What you return must be exactly the lines from the beginning of the material through the line containing "Винтажное бальное платье", both included, and no pictures.

Data excerpt below:

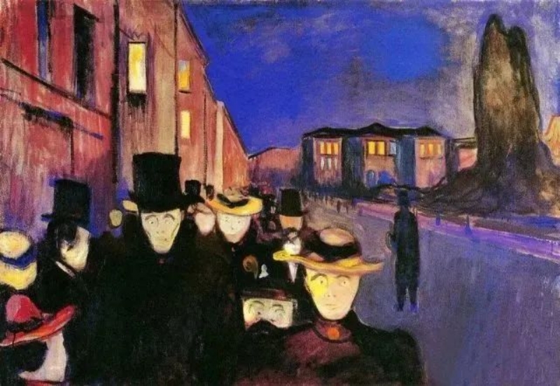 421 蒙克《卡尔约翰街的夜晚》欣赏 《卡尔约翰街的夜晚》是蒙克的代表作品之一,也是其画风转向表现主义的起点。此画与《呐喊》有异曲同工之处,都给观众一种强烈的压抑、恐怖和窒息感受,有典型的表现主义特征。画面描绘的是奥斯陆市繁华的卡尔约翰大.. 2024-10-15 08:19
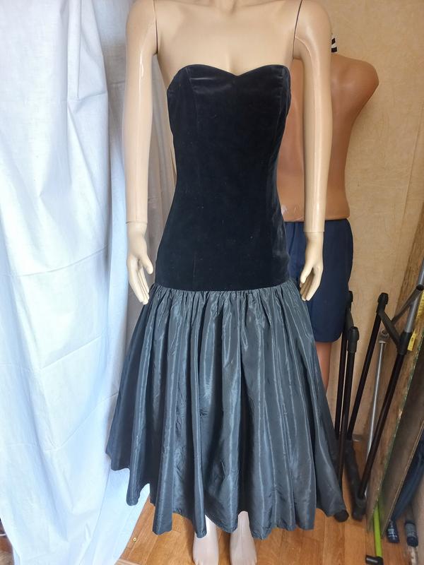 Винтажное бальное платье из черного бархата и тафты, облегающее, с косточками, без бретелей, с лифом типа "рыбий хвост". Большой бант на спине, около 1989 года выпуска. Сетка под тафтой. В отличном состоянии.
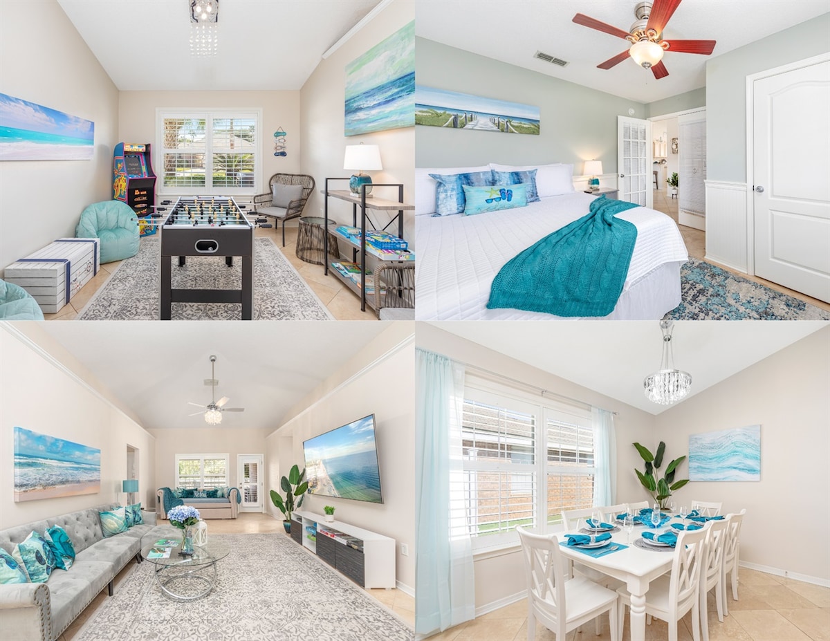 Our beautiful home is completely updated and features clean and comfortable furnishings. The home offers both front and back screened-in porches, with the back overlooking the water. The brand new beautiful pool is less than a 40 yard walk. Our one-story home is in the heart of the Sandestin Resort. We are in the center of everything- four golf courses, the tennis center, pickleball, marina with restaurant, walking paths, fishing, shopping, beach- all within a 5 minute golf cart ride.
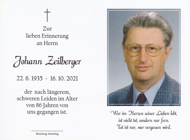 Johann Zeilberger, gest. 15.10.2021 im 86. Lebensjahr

End of Data excerpt.

▶ Answer space:
 421 蒙克《卡尔约翰街的夜晚》欣赏 《卡尔约翰街的夜晚》是蒙克的代表作品之一,也是其画风转向表现主义的起点。此画与《呐喊》有异曲同工之处,都给观众一种强烈的压抑、恐怖和窒息感受,有典型的表现主义特征。画面描绘的是奥斯陆市繁华的卡尔约翰大.. 2024-10-15 08:19
 Винтажное бальное платье из черного бархата и тафты, облегающее, с косточками, без бретелей, с лифом типа "рыбий хвост". Большой бант на спине, около 1989 года выпуска. Сетка под тафтой. В отличном состоянии.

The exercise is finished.